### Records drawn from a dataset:
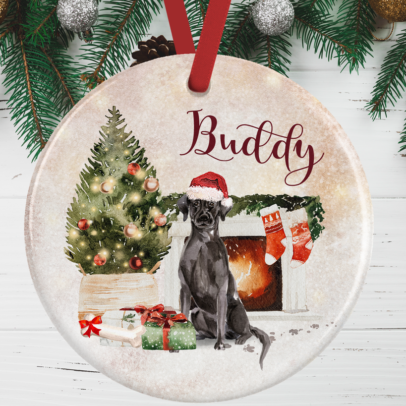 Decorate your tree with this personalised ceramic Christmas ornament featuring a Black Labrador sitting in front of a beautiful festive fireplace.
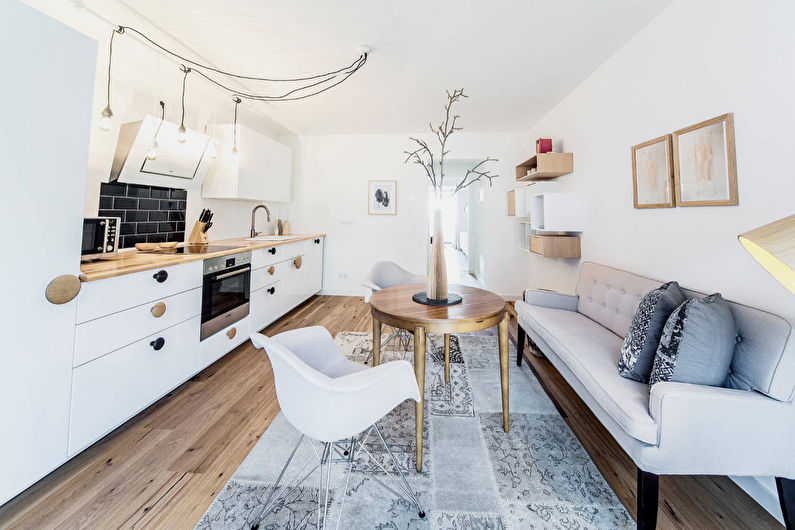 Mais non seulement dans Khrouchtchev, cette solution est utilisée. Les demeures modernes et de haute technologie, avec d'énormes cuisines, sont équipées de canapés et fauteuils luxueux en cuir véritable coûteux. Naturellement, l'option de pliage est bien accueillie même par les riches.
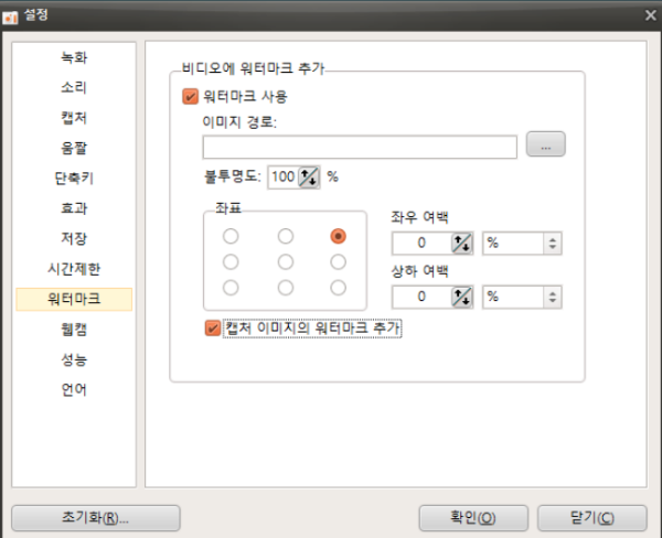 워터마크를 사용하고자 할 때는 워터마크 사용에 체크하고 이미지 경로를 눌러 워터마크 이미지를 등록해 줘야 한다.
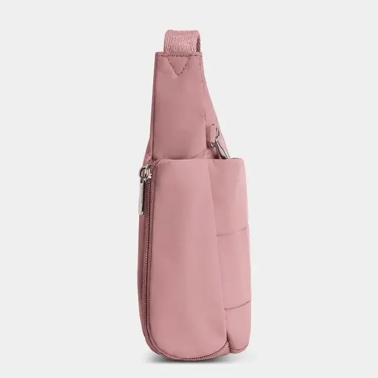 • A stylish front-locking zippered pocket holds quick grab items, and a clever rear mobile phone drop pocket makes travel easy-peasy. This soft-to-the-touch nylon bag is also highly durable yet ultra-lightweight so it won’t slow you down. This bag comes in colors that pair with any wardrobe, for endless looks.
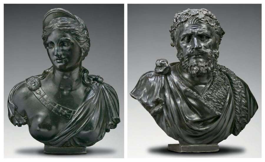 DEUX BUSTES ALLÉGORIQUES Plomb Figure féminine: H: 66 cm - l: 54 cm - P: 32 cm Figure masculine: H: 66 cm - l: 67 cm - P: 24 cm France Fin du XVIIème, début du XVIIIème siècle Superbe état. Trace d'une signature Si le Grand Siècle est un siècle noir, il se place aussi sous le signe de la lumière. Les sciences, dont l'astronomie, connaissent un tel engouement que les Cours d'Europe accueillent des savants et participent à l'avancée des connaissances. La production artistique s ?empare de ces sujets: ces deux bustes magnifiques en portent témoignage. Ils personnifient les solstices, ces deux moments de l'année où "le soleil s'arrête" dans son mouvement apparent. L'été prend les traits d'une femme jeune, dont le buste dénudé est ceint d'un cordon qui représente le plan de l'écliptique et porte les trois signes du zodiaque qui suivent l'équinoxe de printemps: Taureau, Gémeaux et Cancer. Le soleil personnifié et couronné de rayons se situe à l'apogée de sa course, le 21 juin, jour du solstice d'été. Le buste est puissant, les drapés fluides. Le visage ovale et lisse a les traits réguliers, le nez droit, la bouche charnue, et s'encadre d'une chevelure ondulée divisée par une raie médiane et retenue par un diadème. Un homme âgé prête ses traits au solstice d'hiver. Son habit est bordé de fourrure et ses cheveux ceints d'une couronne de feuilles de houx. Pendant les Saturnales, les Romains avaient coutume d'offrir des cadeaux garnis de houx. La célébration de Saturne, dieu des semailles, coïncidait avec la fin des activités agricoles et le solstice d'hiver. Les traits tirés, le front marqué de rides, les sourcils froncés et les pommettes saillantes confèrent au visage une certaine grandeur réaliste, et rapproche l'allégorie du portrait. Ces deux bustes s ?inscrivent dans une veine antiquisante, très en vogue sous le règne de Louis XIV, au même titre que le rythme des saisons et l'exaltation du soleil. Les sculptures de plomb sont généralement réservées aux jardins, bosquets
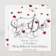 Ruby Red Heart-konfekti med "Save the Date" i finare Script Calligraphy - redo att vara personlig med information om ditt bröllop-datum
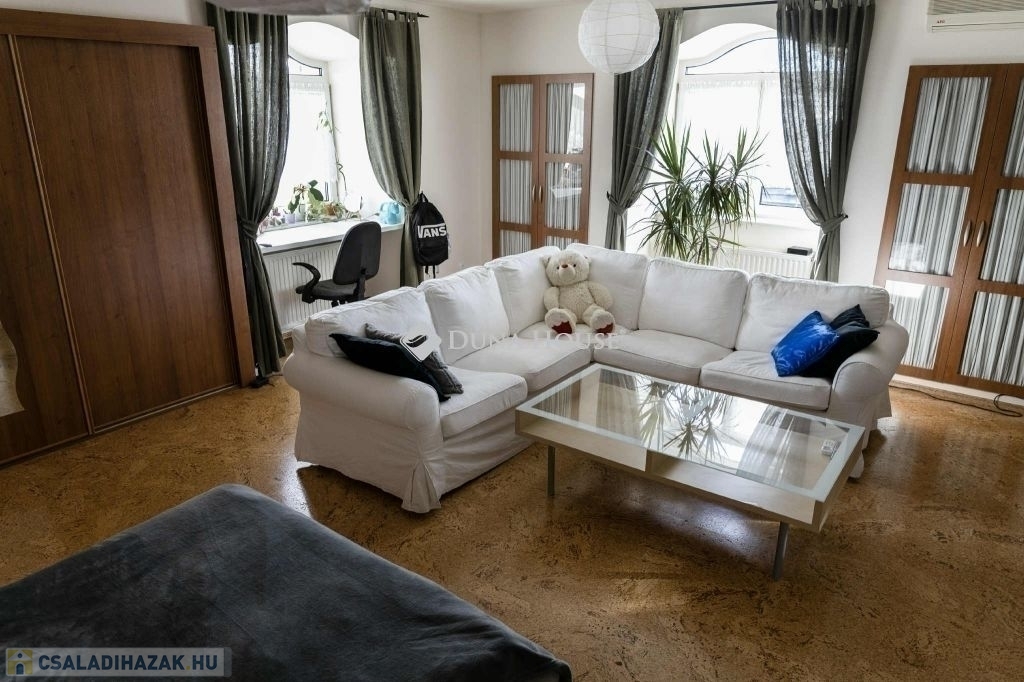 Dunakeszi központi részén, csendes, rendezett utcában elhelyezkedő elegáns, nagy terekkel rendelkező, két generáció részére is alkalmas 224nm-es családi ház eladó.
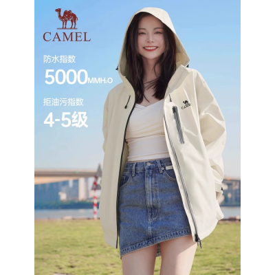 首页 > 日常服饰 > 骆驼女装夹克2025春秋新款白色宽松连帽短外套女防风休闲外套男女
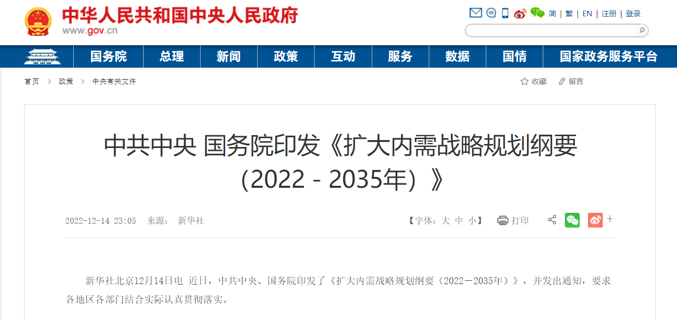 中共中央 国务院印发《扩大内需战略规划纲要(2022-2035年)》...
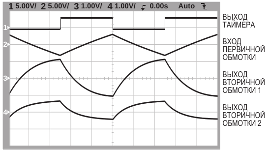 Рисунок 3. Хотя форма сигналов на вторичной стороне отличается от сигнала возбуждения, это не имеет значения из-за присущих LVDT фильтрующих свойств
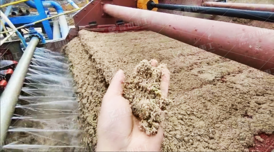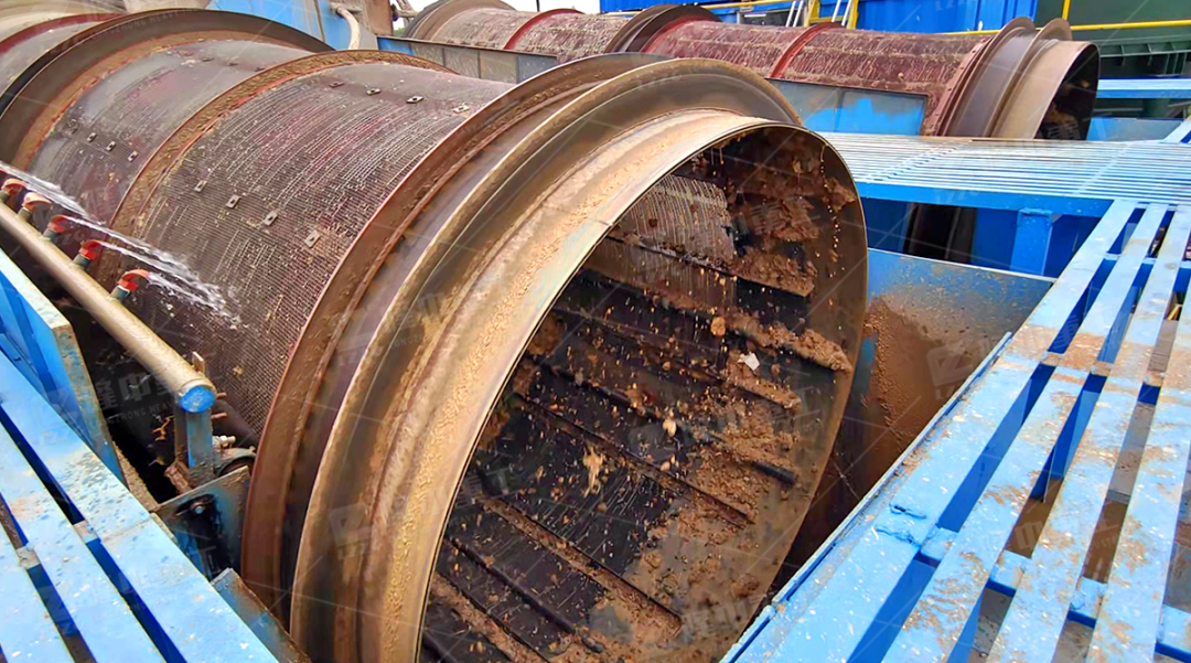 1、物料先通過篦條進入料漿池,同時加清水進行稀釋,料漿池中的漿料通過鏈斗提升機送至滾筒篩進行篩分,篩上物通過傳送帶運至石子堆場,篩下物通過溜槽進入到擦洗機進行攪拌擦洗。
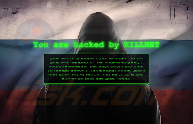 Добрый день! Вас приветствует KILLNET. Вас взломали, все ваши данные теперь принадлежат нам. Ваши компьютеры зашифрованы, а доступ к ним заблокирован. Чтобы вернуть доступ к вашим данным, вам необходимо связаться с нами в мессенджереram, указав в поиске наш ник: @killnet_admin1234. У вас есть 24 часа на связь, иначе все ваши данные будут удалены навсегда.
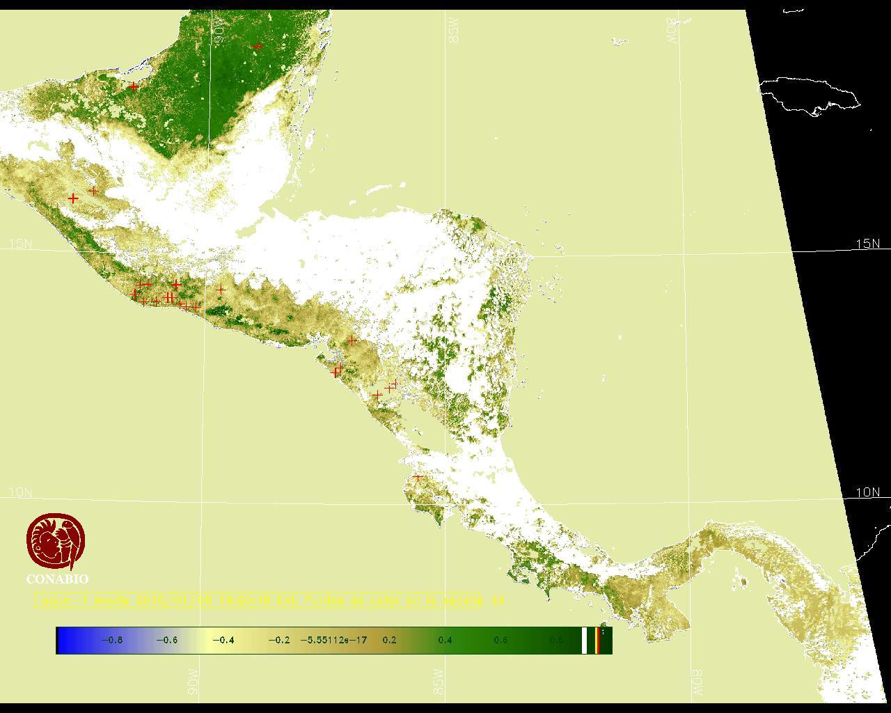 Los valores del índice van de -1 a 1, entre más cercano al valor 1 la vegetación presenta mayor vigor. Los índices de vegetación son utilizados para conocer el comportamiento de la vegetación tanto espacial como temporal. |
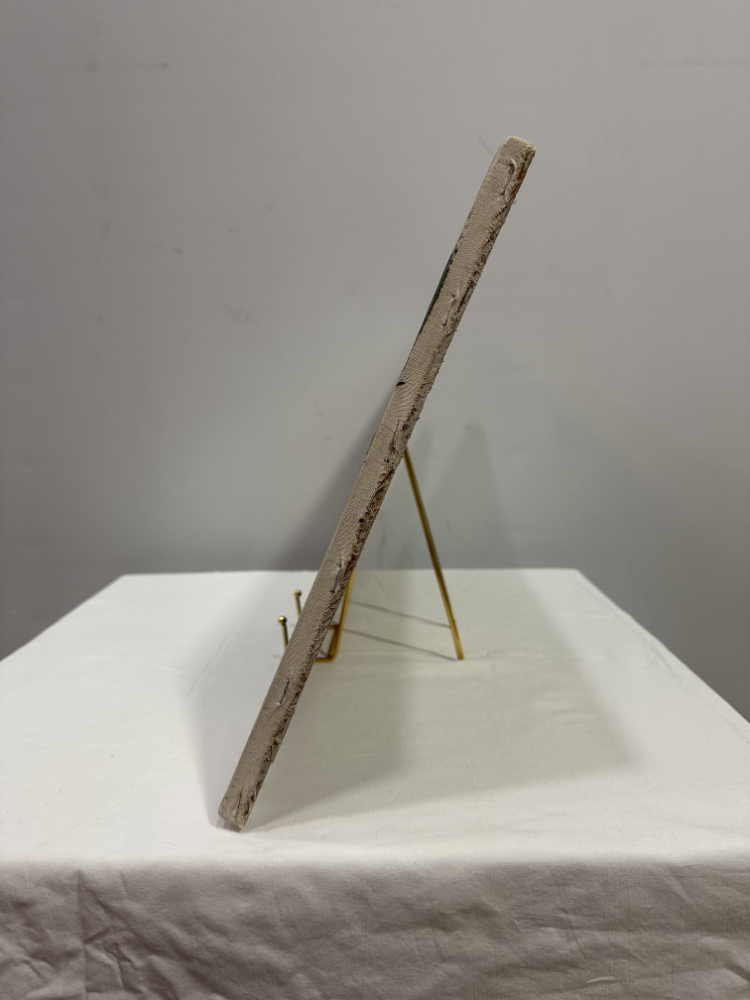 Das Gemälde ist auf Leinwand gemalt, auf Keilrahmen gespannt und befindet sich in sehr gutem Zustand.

### Task prompt:
Copy word for word the span of the records above that begins at the line with "首页 > 日常服饰 > 骆驼女装夹克2025春秋新款白色宽松连帽短外套女防风休闲外套男女" and ends at the line with "1、物料先通過篦條進入料漿池", including those two lines but not the pictures.

### Reply:
 首页 > 日常服饰 > 骆驼女装夹克2025春秋新款白色宽松连帽短外套女防风休闲外套男女
 中共中央 国务院印发《扩大内需战略规划纲要(2022-2035年)》...
 Рисунок 3. Хотя форма сигналов на вторичной стороне отличается от сигнала возбуждения, это не имеет значения из-за присущих LVDT фильтрующих свойств
 1、物料先通過篦條進入料漿池,同時加清水進行稀釋,料漿池中的漿料通過鏈斗提升機送至滾筒篩進行篩分,篩上物通過傳送帶運至石子堆場,篩下物通過溜槽進入到擦洗機進行攪拌擦洗。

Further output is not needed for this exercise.